BEGIN

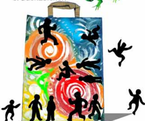
4. Fröhliche Einkaufstasche
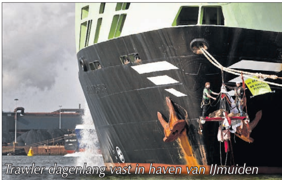
Trawler dagenlang vast in haven van IJmuiden
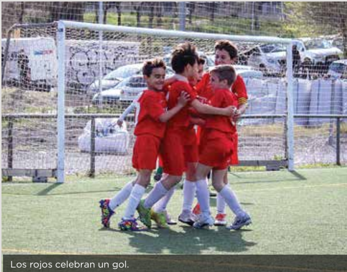
Los rojos celebran un gol.
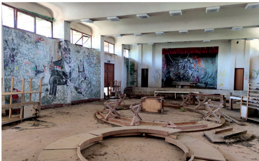
Fig.2 E. De Conciliis, El sistema clientelista mafioso y la no violencia, 1968-69, Centro de Estudios "Borgo di Dio", Trappeto (PA).

En la pared de la derecha (Fig. 6), otro panel reproduce el colapso del sistema capitalista con la caída del tótem-títere rodeado de bienes de consumo (Fig. 7). Le sigue una pintura abstracta: un conjunto de líneas y elementos geométricos sugieren la idea de energía positiva y simbolizan una revolución-evolución cósmica. El siguiente cuadro muestra una rosa que contiene a una comunidad de hombres, mujeres y niños que trabajan por un mundo mejor. (Fig.8) El mural termina con la escalofriante imagen de un niño en el interior de una lata de conserva como un trozo de carne para ser consumido, símbolo de la alienación y explotación del ser humano (Fig. 9).

END

ASSIGNED TASK = All of the records above must be copied exactly, except for the pictures.

EXERCISE SOLUTION =
4. Fröhliche Einkaufstasche
Trawler dagenlang vast in haven van IJmuiden
Los rojos celebran un gol.
Fig.2 E. De Conciliis, El sistema clientelista mafioso y la no violencia, 1968-69, Centro de Estudios "Borgo di Dio", Trappeto (PA).

En la pared de la derecha (Fig. 6), otro panel reproduce el colapso del sistema capitalista con la caída del tótem-títere rodeado de bienes de consumo (Fig. 7). Le sigue una pintura abstracta: un conjunto de líneas y elementos geométricos sugieren la idea de energía positiva y simbolizan una revolución-evolución cósmica. El siguiente cuadro muestra una rosa que contiene a una comunidad de hombres, mujeres y niños que trabajan por un mundo mejor. (Fig.8) El mural termina con la escalofriante imagen de un niño en el interior de una lata de conserva como un trozo de carne para ser consumido, símbolo de la alienación y explotación del ser humano (Fig. 9).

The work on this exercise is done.